Pathogenesis of hepatitis B virus infection: The effect of the HBx protein from HBV on cell survival and death.

摘要

Human hepatitis B virus (HBV) is one of several agents causing infectious hepatitis, which can lead to the development of liver cirrhosis and hepatocellular carcinoma (HCC). HBV-related HCC is among the top 10 most frequent cancers throughout the world. More than 400 million people worldwide are chronically infected with this virus. Currently, no effective treatment is available for those with established HBV infections, despite the recent development of a recombinant vaccine for protecting previously unexposed individuals. The exact molecular events involved in HBV-related liver carcinogenesis remain to be elucidated. A viral protein, the HBx protein from HBV has been implicated in the liver carcinogenesis after HBV infection. The work presented in this thesis explores the mechanism of HBx's involvement in liver cancer, focusing on its effect on apoptosis and its interaction with cellular signaling pathways. Experiments demonstrated that cell apoptosis caused by anti-Fas antibodies and serum deprivation can be blocked by the expression of the HBx protein. However, fibroblasts that are SEK1 deficient still undergo Fas-mediated apoptosis whether or not the viral protein is present. Under low serum condition, cells treated with PI3-K inhibitor lose the survival advantage provided by the HBx protein. Therefore, it is suggested that interactions with SEK1-dependent pathway and PI3K-dependent pathway are responsible for the effect of the HBx protein on Fas-mediated apoptosis and serum-starvation-mediated apoptosis, respectively.
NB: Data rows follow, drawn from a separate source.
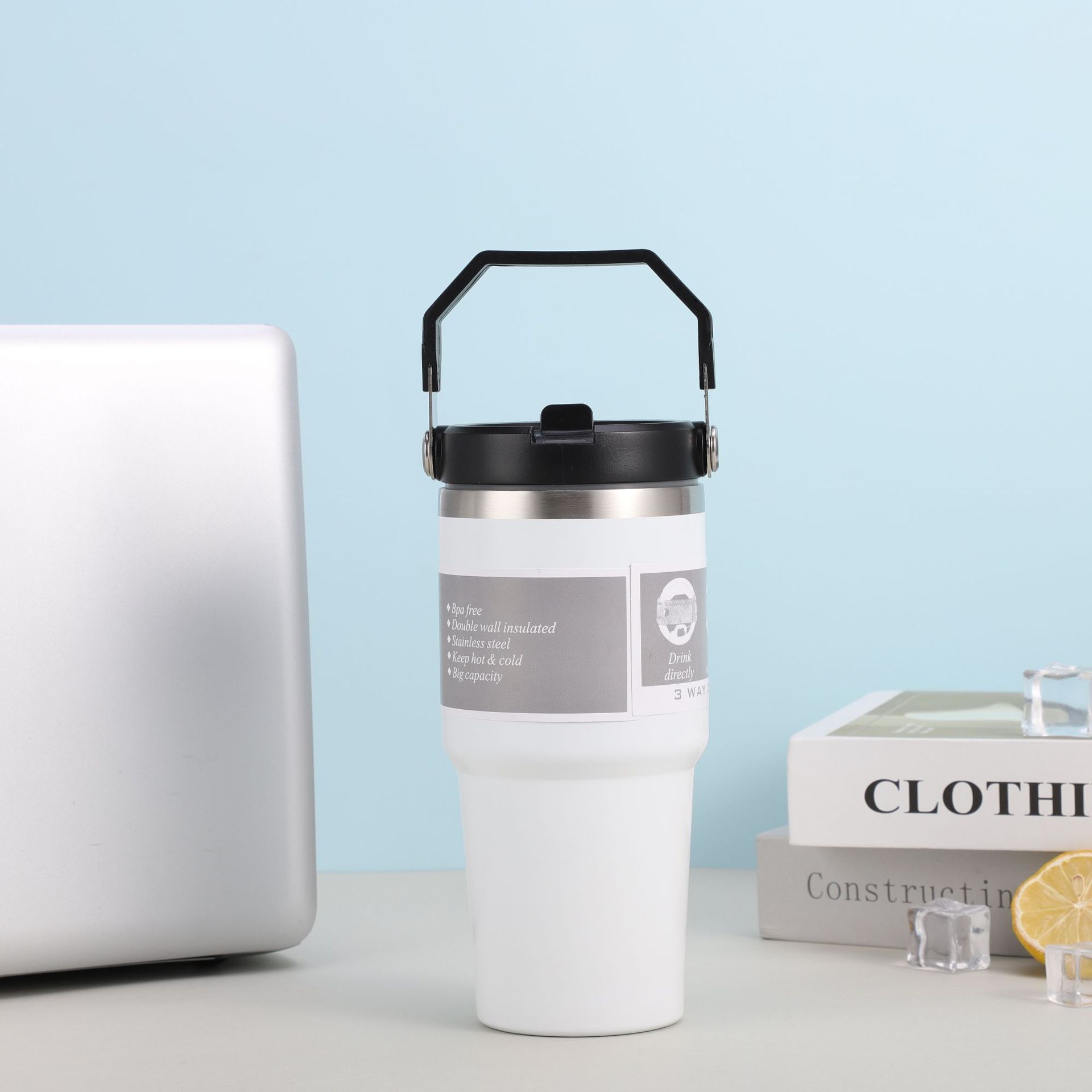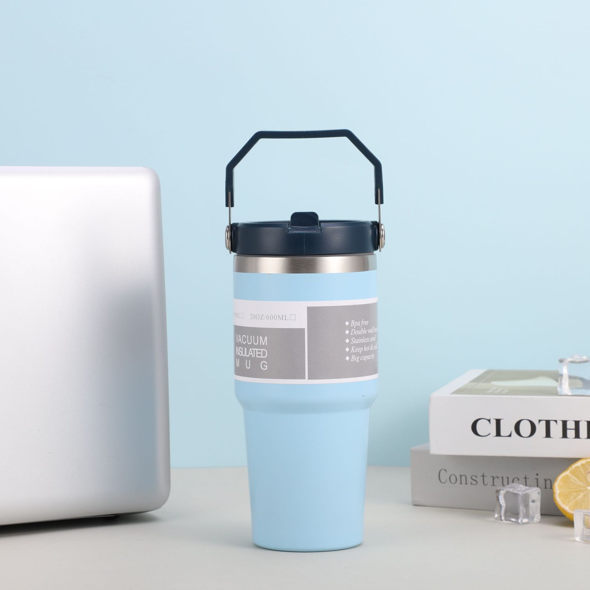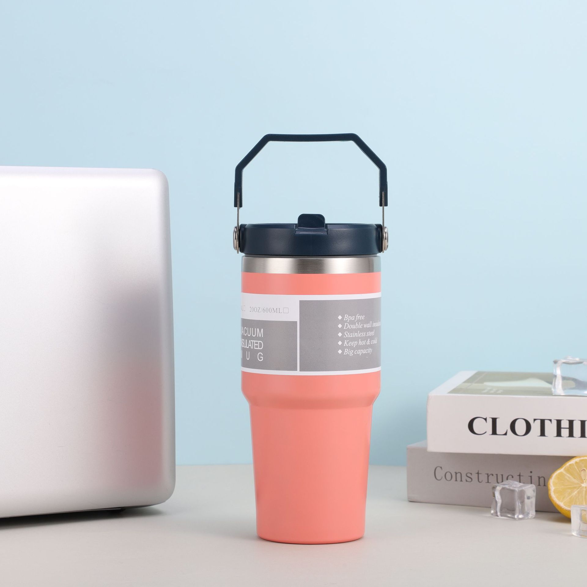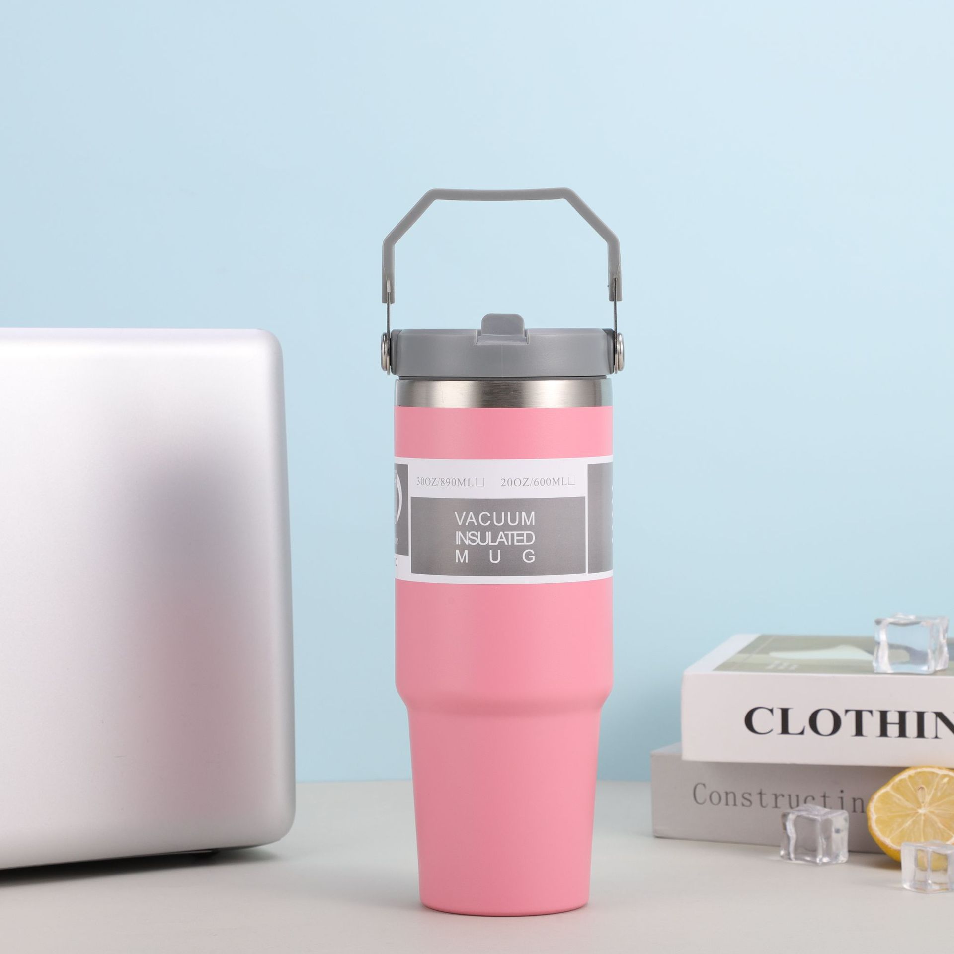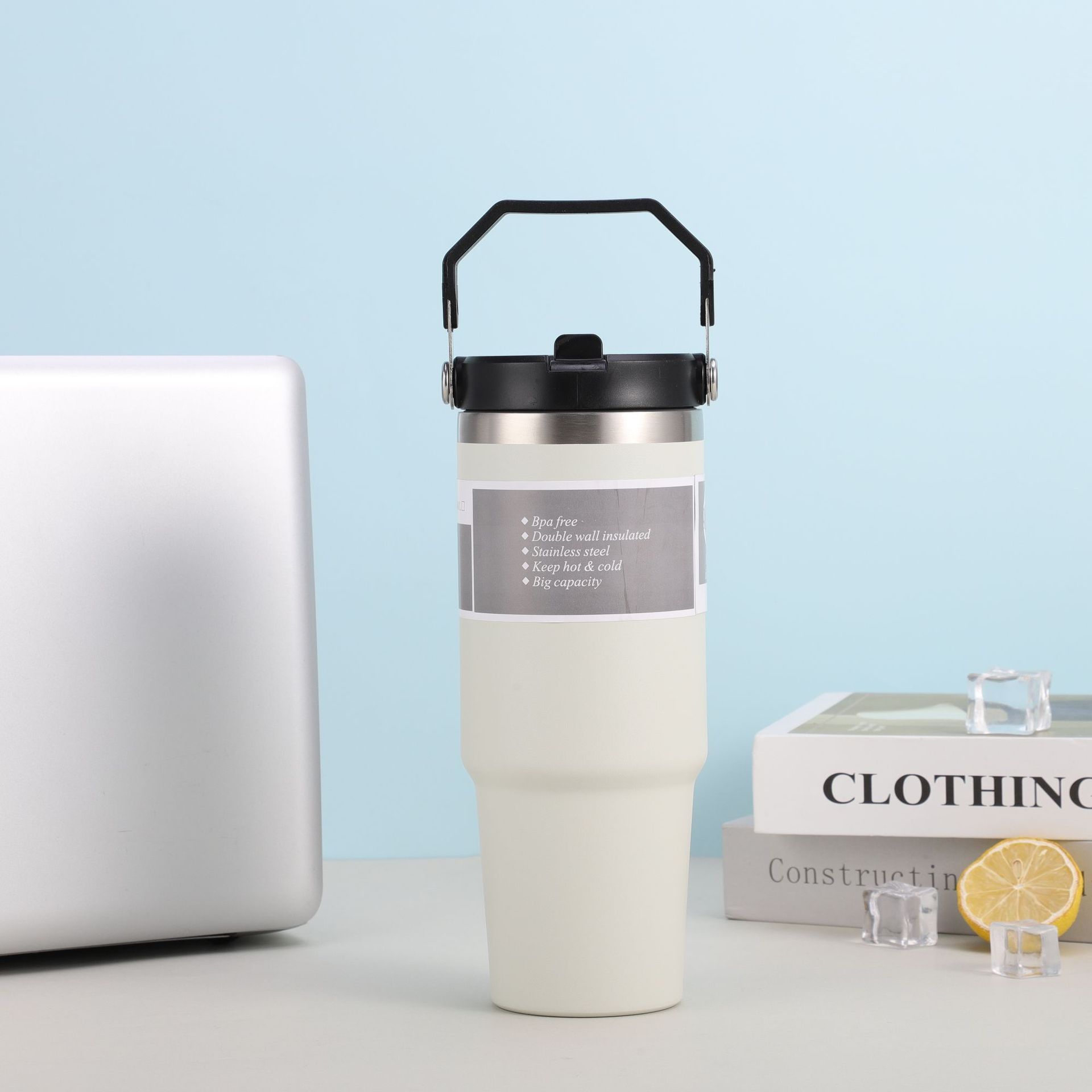 야외 휴대용 스테인레스 스틸 보온병 컵 휴대용 실리콘 손잡이 대용량 물 컵 간단한 단색 가정용 물 컵스토어 가기
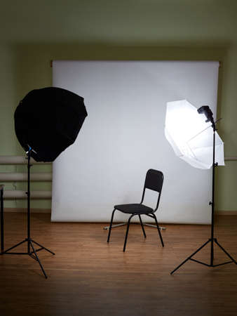 Modern photography studio featuring professional lighting setup and empty chairs, perfect for capturing stunning visuals in a creative environment.
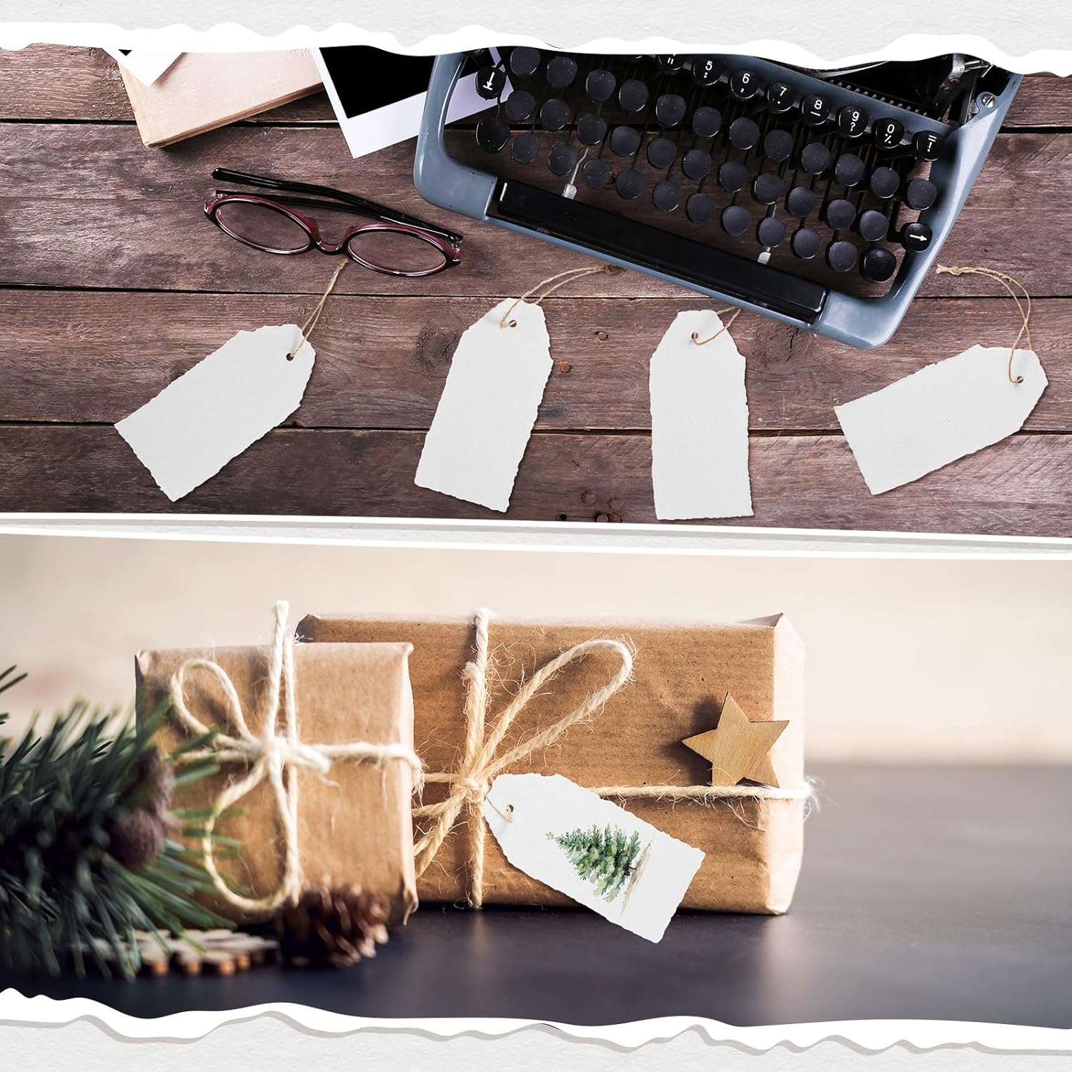 - Vintage Aesthetic Appeal: the charming white color of these deckled edge tags with attached string adds timeless elegance to any occasion; The distinctive deckle edge design effortlessly blends rustic charm with sophistication, making them ideal arts and crafts tags that elevate your projects
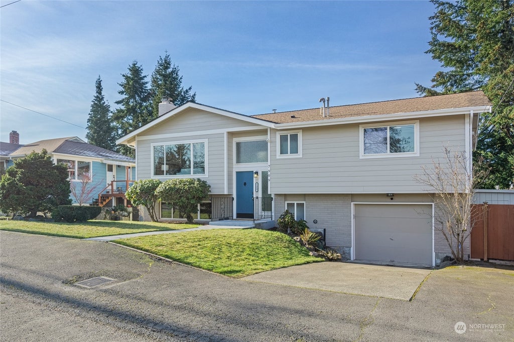 Tucked at the end of a peaceful court, this home offers breathtaking views of both the Cascades & Olympics. Surrounded by lush gardens, a tranquil pond, and mature trees, the property feels like a private oasis. Multiple decks and a covered patio are perfect for outdoor entertaining or relaxing year-round. The park-like yard includes raised garden beds, a grassy area for pets, and an adorable storage shed, ideal for tools, a playhouse, or a mancave. Inside, light-filled rooms and a spacious living area with a brick fireplace create a welcoming atmosphere. A bonus studio downstairs with a full kitchen and living area offers rental or guest suite potential. Convenient location near DT Seattle, SLU, Westwood Village, Airport & Alaska Junction
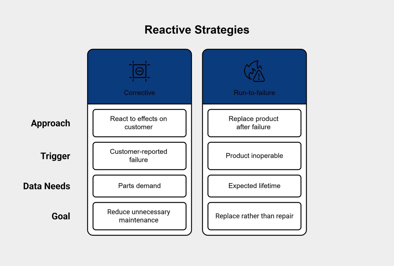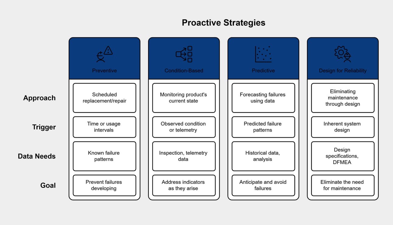 Predictive – failure patterns in the population or in the history of that specific product may be used to predict failures before any observable signs can be determined. This requires significant data collection and analysis to show results.
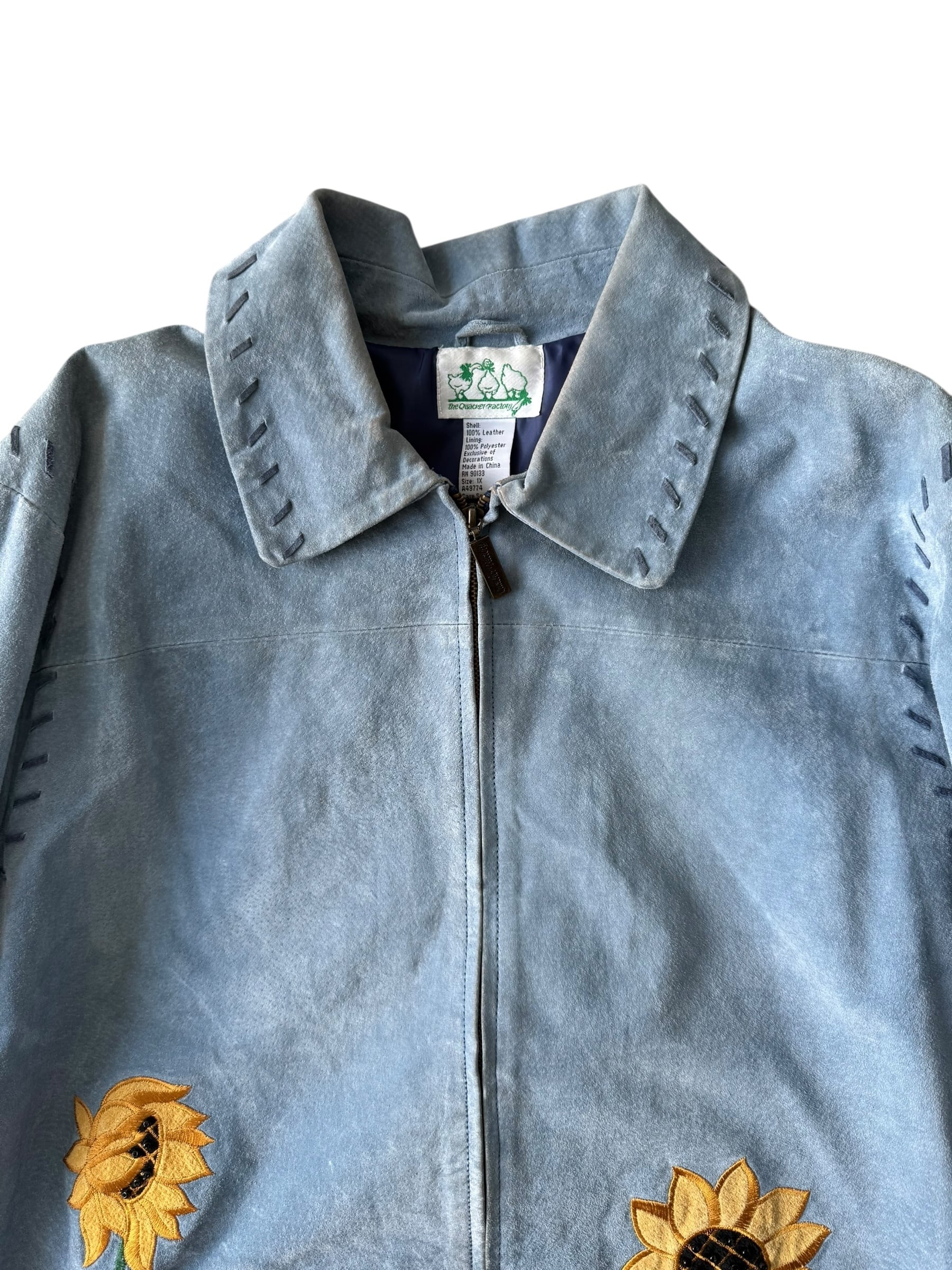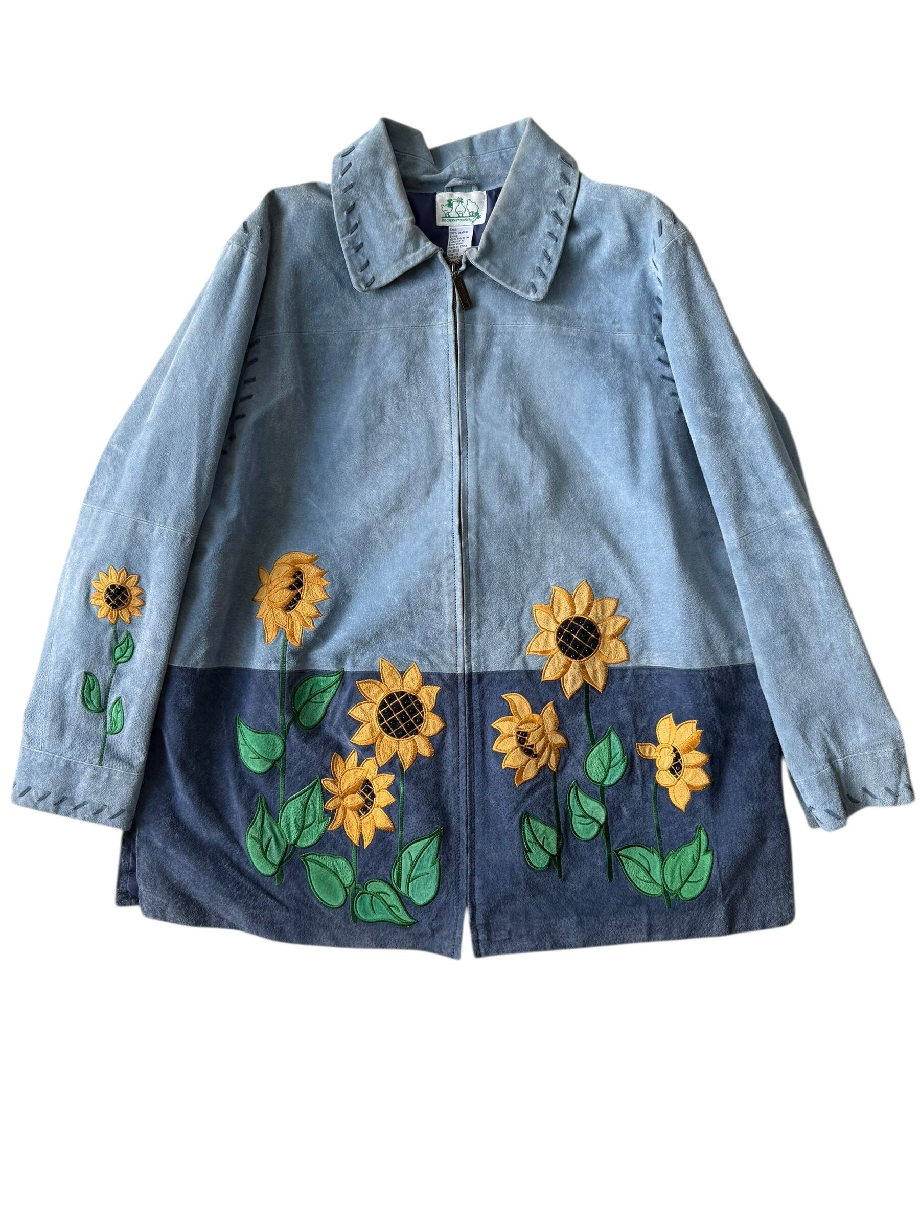 Sunflower embroidery design suede jacket
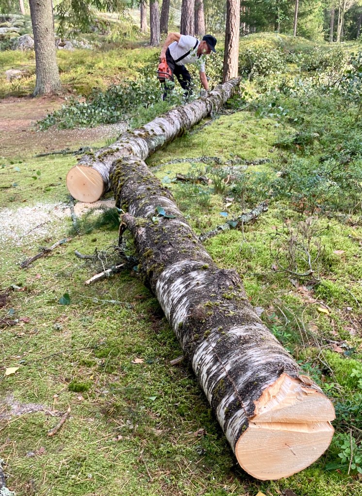 På en dryg timme är björken fälld, sågad i bitar och riset bortfört. Klabbningen får bli till senare.
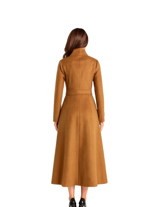 Women's Brown Handmade Long Sleeves Real Wool Belted Trench Coat
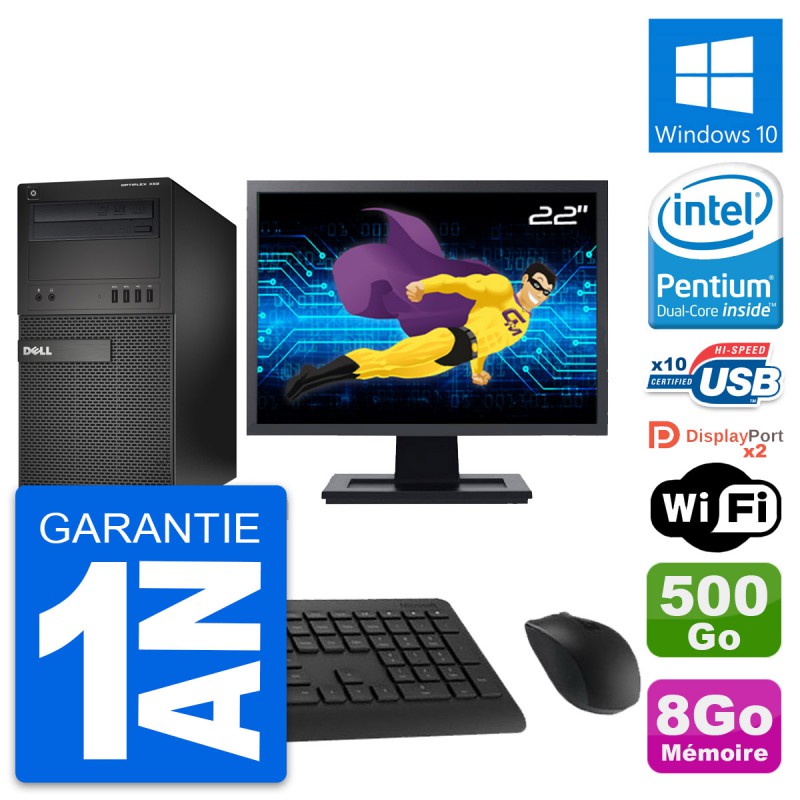 PC Tour Dell OptiPlex XE2 MT - Intel Pentium Dual-Core G3220 3.0 Ghz (3 Mo) - 8 Go DDR3 - Disque Dur 3,5" 500 Go - Graveur DVD - Clef Wifi USB - Windows 10 - Livré avec Ecran 22" + clavier + souris (Marques et modèles variables) - Garantie 1 an.

Experiments further demonstrated that the HBx protein interacts with SEK1-dependent SAPK and PI3K-PKB signaling pathway and enhances the SAPK and PKB activities, which contribute to the protective effects of the HBx protein on cells under specific apoptotic stimuli. Lastly, interaction of the HBx protein with the components in the apoptotic pathway was also studied. Results show that the HBx protein targets the apoptotic pathway, perhaps mainly by locating on the mitochondria and cooperating with an anti-apoptotic molecule Bcl-X_L. Generally, data presented in this thesis indicates that the HBx protein can be involved in the multiple regulatory steps in survival and death signaling. HBx protein is thus suggested to be a multifunctional viral regulator strongly implicated in hepatocarcinogenesis.